README.md•7.13 kB
# V2.ai Insights Scraper MCP
A Model Context Protocol (MCP) server that scrapes blog posts from V2.ai Insights, extracts content, and provides AI-powered summaries using OpenAI's GPT-4. **Currently supports Contentful CMS integration with search capabilities.**
> 📋 **Strategic Vision**: This project is evolving into a comprehensive AI intelligence platform.

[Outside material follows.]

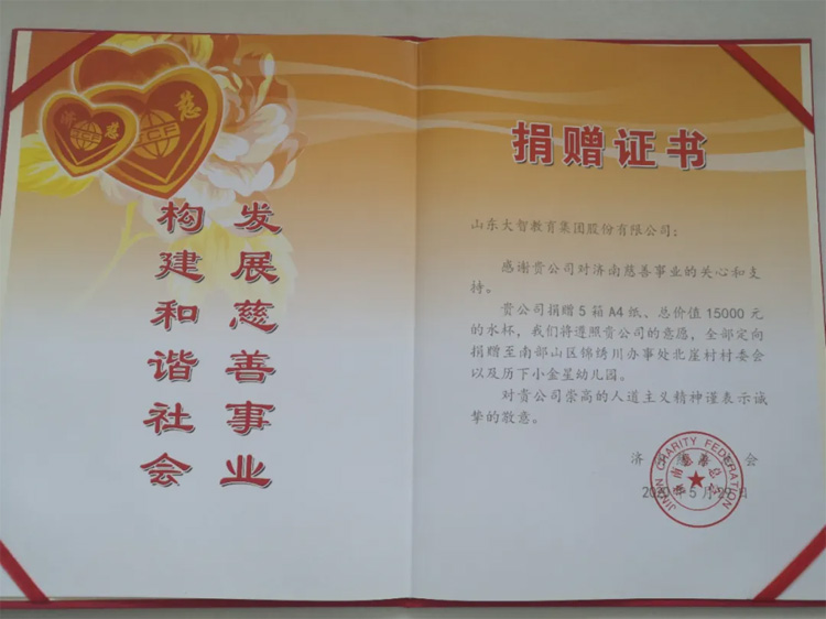 捐贈(zèng)的禮物雖不貴重,但情意無(wú)價(jià),希望孩子們用心感受愛(ài)與希望。活動(dòng)最后濟(jì)南慈善總會(huì)為大智頒發(fā)證書(shū)和錦旗,對(duì)大智表示感謝。

See [STRATEGIC_VISION.md](./STRATEGIC_VISION.md) for the complete roadmap from content API to strategic intelligence platform.
## Features
- 🔍 **Multi-Source Content**: Fetches from Contentful CMS and V2.ai web scraping
- 📝 **Content Extraction**: Extracts title, date, author, and content with intelligent fallbacks
- 🔎 **Full-Text Search**: Search across all blog content with Contentful's search API
- 🤖 **AI Summarization**: Generates summaries using OpenAI GPT-4
- 🔧 **MCP Integration**: Exposes tools for Claude Desktop integration
## Tools Available
- `get_latest_posts()` - Retrieves blog posts with metadata (Contentful + V2.ai fallback)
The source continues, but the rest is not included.